─── DATASET SECTION ───

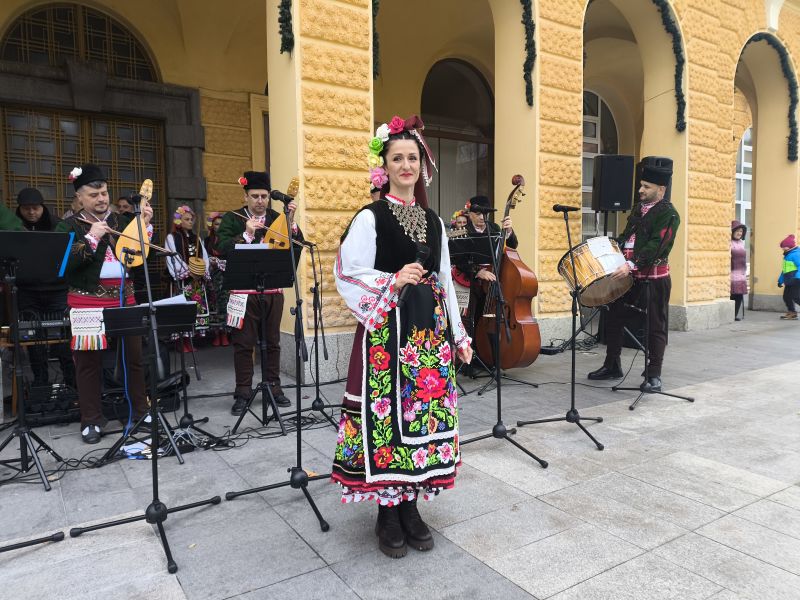Сливенският ансамбъл за народни песни и танци поздрави жителите и гостите на града. С празничен концерт по повод Рождество Христово, организиран от Община Сливен, изпълнителите зарадваха събралата се публика на площад „Цар Освободител“.
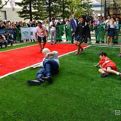 ストリートラグビーとは、「スポーツの存在価値と社会貢献性を未来に生かす」というテーマのもと、各地公道に芝生を張り、周辺地域の子供や大人たちがラグビー初心者でも遊び感覚でラグビーを楽しめるイベント。内容は“ラグビーボールを持った鬼ごっこ”と換言することもでき、ラグビーのルールを知らなくても老若男女が気軽に楽しめる。(modelpress編集部)
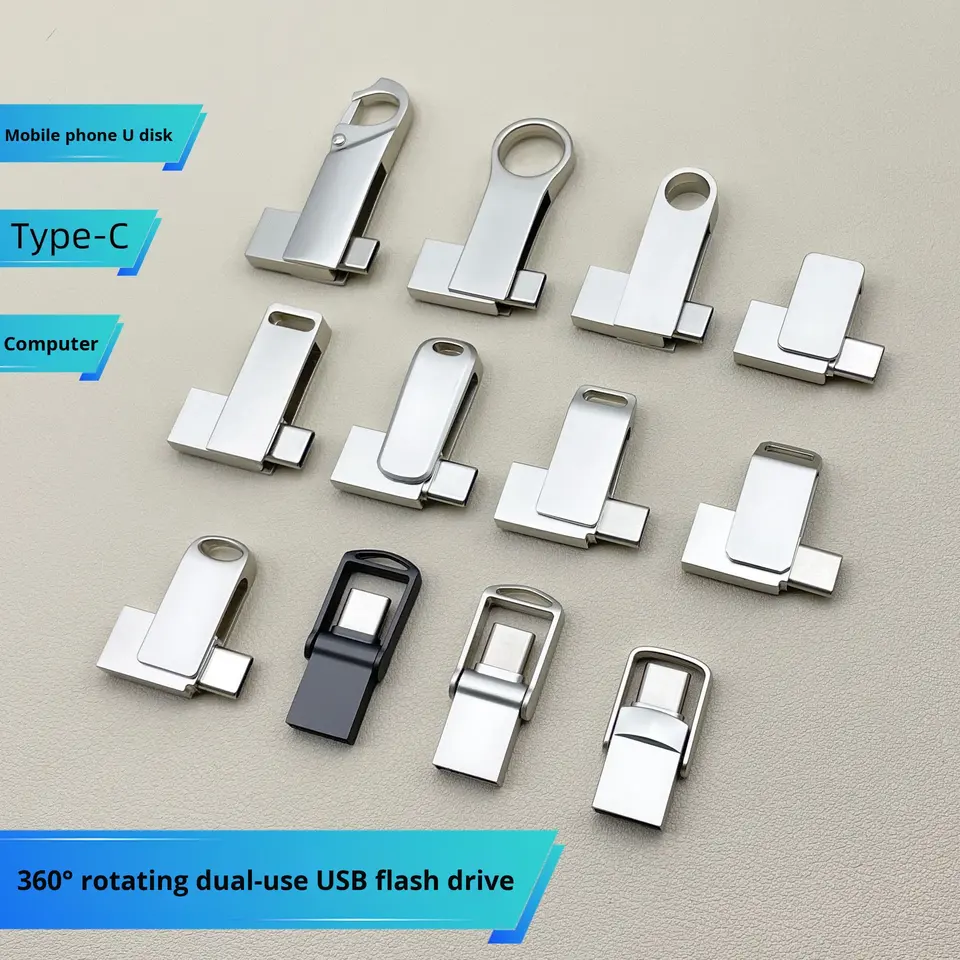 Nouvelle clé USB rotative mini en métal à double usage pour téléphone portable et ordinateur, 32G/16G, haute vitesse, transfrontalière, avec garantie d'un an

───

◆ YOUR OBJECTIVE:
Make an exact reproduction of the listing above, without any pictures.

◆ ANSWER BELOW:
Сливенският ансамбъл за народни песни и танци поздрави жителите и гостите на града. С празничен концерт по повод Рождество Христово, организиран от Община Сливен, изпълнителите зарадваха събралата се публика на площад „Цар Освободител“.
 ストリートラグビーとは、「スポーツの存在価値と社会貢献性を未来に生かす」というテーマのもと、各地公道に芝生を張り、周辺地域の子供や大人たちがラグビー初心者でも遊び感覚でラグビーを楽しめるイベント。内容は“ラグビーボールを持った鬼ごっこ”と換言することもでき、ラグビーのルールを知らなくても老若男女が気軽に楽しめる。(modelpress編集部)
 Nouvelle clé USB rotative mini en métal à double usage pour téléphone portable et ordinateur, 32G/16G, haute vitesse, transfrontalière, avec garantie d'un an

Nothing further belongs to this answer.